Thinking about the nature and uses of history, of course, is not unique to scholars of the nuclear age. But it seems to have particular urgency in a field that is not used to having to actively justify its own existence, or to think about the reasons for its own importance. The historian of science Daniel J. Kevles, writing just after the end of the Cold War, noted that ‘physics in the United States has been irreversibly incorporated into the conventional political process, making it a creature of political democracy, its fortunes, like those of other interest groups, contingent upon the outcome of the fray’.Footnote 3 A generation later, something similar seems to have happened in nuclear history. Campos, in particular, seems to be well aware of this – although his reference point is the history of biology, not physics.
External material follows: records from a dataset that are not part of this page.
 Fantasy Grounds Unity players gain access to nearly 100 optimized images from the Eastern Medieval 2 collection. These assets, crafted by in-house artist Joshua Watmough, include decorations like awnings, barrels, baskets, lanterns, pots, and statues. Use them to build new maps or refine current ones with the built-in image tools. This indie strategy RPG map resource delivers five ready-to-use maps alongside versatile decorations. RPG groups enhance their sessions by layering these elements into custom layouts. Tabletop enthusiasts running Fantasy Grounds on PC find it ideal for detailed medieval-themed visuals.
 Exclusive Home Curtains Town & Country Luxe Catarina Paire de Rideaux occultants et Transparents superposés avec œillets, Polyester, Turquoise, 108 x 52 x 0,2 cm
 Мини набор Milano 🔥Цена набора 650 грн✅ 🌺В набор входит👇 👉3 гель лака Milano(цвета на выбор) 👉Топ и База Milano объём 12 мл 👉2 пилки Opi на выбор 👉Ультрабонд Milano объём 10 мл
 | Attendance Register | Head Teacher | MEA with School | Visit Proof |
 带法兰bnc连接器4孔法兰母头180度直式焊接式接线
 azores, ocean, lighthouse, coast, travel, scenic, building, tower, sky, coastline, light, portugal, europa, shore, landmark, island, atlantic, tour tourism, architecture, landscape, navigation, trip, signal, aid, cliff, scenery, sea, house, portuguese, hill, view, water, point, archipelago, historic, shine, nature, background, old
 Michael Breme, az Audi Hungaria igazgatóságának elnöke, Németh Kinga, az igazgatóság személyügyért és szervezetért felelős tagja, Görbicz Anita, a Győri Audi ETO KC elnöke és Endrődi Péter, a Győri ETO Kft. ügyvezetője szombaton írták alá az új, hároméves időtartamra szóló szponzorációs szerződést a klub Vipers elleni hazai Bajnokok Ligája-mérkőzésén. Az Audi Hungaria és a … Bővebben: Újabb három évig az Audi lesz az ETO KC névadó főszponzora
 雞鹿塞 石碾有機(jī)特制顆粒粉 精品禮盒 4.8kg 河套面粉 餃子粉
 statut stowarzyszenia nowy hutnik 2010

Throughout the book, he deploys the idea of a half-life as a metaphor as well as a scientific concept, to describe the diminishing but not quite vanished cultural and historical interest in radium. That is not quite the situation in nuclear history more broadly, although there is certainly a parallel. But Campos's and Jorgensen's conscious exploration of how history operates in their books is a good reminder to us all. We have many new questions we can ask about nuclear history, and it intersects with other fields in the history of science in novel ways. But we can no longer assume that its place is either privileged or obvious. Nuclear history may still compel – but for different reasons, and in different ways, than it once did.